What to do:
Transcribe exactly the lines below that begin at the line with "i niezwykłą wytrzymałością" and stop after the line with "睡眠、歩数、上った階数、心拍", leaving out every picture.

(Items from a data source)
● ● ● ● ● ● ●
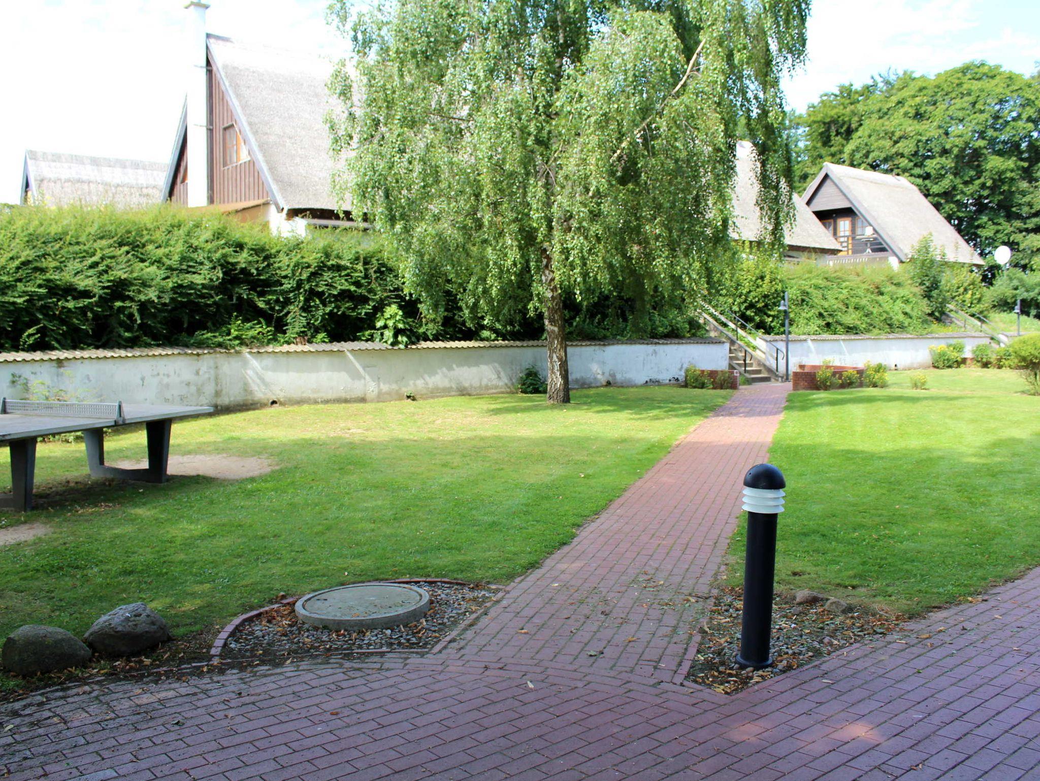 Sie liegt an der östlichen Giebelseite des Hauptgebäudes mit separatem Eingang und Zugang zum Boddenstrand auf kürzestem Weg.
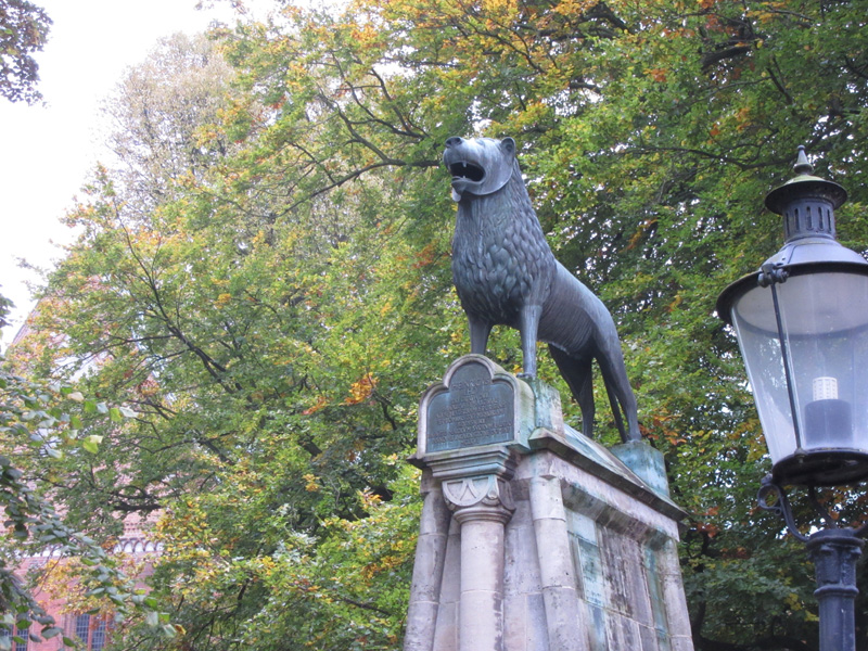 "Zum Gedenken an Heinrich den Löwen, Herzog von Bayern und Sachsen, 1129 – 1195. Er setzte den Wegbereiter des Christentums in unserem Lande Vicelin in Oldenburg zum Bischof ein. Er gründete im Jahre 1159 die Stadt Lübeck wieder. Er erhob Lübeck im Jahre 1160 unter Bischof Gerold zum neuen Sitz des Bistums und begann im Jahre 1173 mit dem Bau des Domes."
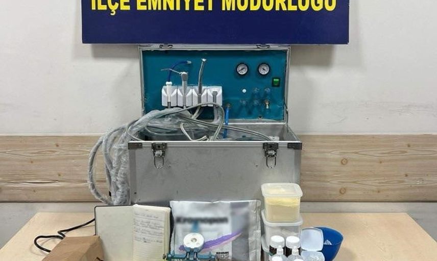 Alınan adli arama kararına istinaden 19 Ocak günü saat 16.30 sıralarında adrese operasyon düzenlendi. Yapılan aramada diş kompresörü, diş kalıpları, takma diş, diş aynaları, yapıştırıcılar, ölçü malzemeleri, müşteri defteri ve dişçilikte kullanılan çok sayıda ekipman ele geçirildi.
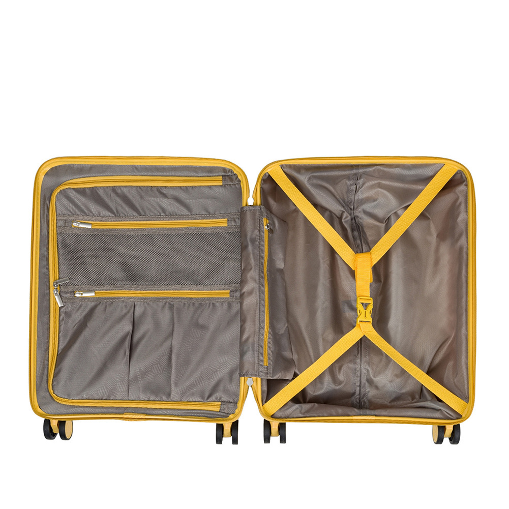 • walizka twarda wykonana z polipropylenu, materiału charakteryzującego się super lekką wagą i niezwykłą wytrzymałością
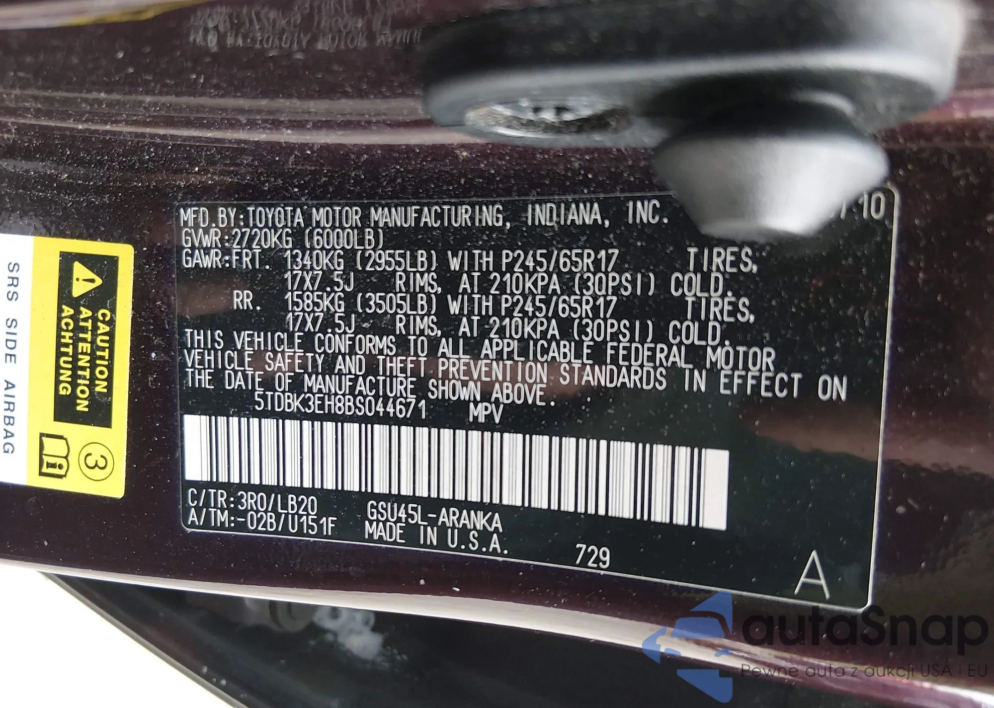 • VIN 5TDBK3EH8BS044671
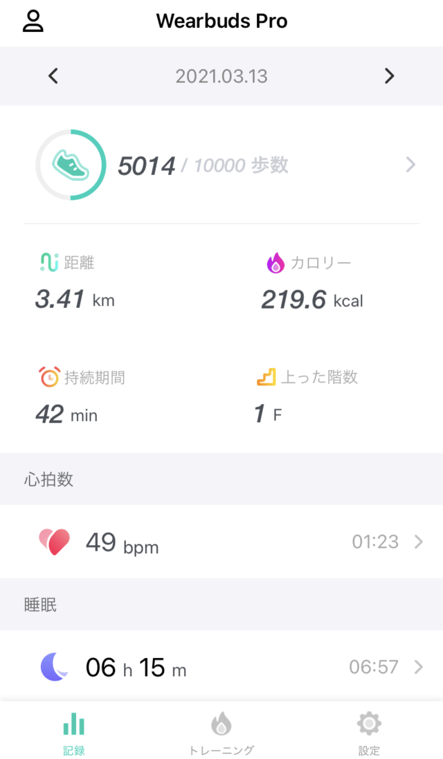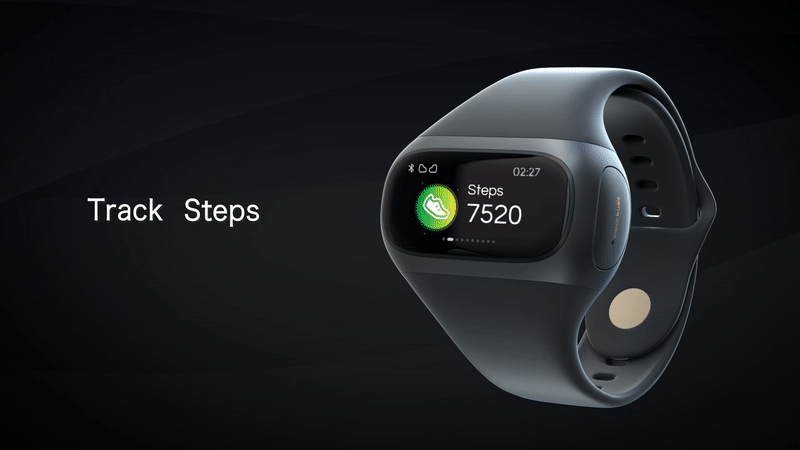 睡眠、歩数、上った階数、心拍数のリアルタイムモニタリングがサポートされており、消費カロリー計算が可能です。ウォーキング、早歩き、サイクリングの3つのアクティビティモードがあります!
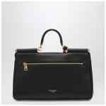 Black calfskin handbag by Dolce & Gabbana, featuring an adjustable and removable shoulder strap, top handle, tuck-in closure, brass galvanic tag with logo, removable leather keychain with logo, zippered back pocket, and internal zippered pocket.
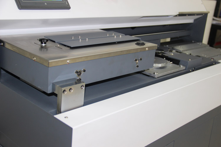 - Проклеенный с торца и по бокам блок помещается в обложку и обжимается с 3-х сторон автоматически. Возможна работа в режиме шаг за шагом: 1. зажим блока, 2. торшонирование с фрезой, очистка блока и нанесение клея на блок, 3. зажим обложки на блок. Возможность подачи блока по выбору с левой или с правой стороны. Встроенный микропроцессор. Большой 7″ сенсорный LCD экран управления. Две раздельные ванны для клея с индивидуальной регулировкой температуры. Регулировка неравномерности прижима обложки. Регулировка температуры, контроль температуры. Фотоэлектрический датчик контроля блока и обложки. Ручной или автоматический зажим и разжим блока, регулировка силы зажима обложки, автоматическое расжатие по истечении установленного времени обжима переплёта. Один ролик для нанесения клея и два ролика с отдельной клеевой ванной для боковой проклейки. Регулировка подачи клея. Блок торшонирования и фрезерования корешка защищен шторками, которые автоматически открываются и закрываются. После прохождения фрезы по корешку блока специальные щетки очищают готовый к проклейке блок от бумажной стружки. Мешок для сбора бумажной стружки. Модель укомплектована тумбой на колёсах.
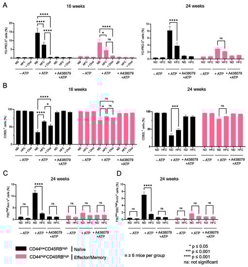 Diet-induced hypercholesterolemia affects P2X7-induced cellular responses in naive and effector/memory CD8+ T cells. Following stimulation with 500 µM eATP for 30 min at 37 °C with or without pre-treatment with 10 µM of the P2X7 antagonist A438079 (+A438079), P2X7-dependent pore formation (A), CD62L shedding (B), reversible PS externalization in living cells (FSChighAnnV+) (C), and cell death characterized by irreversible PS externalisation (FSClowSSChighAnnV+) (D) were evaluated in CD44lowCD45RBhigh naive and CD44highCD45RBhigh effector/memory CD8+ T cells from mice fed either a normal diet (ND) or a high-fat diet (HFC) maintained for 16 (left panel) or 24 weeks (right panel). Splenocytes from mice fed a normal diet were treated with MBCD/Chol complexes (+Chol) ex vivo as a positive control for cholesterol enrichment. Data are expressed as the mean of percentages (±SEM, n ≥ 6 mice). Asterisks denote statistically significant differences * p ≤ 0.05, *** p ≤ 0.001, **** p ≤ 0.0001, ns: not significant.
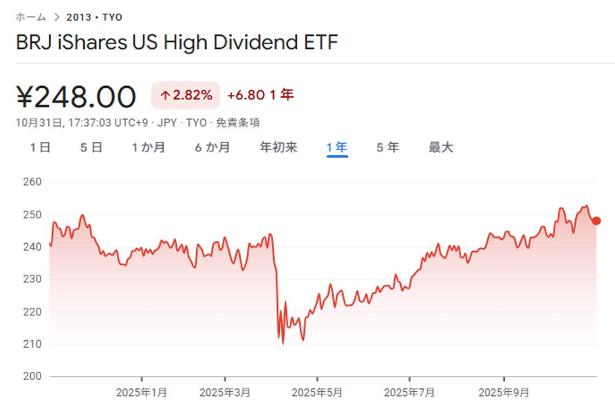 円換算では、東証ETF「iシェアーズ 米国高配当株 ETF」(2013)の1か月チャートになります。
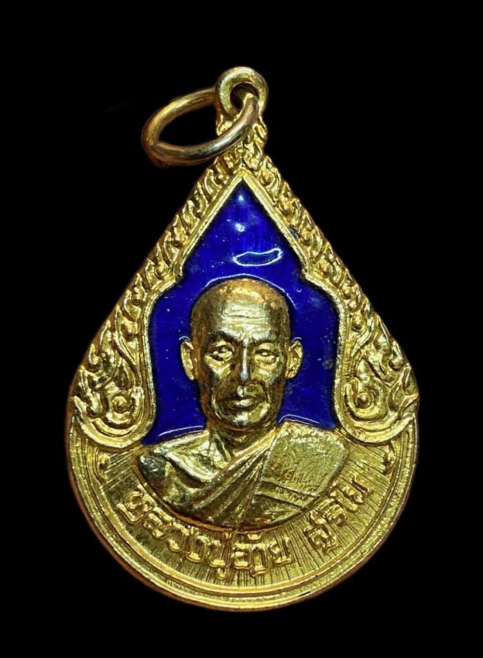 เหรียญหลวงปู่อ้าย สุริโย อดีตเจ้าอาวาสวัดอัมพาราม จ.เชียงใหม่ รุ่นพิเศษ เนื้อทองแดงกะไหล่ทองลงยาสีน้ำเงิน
● ● ● ● ● ● ●
Exercise solution:
 • walizka twarda wykonana z polipropylenu, materiału charakteryzującego się super lekką wagą i niezwykłą wytrzymałością
 • VIN 5TDBK3EH8BS044671
 睡眠、歩数、上った階数、心拍数のリアルタイムモニタリングがサポートされており、消費カロリー計算が可能です。ウォーキング、早歩き、サイクリングの3つのアクティビティモードがあります!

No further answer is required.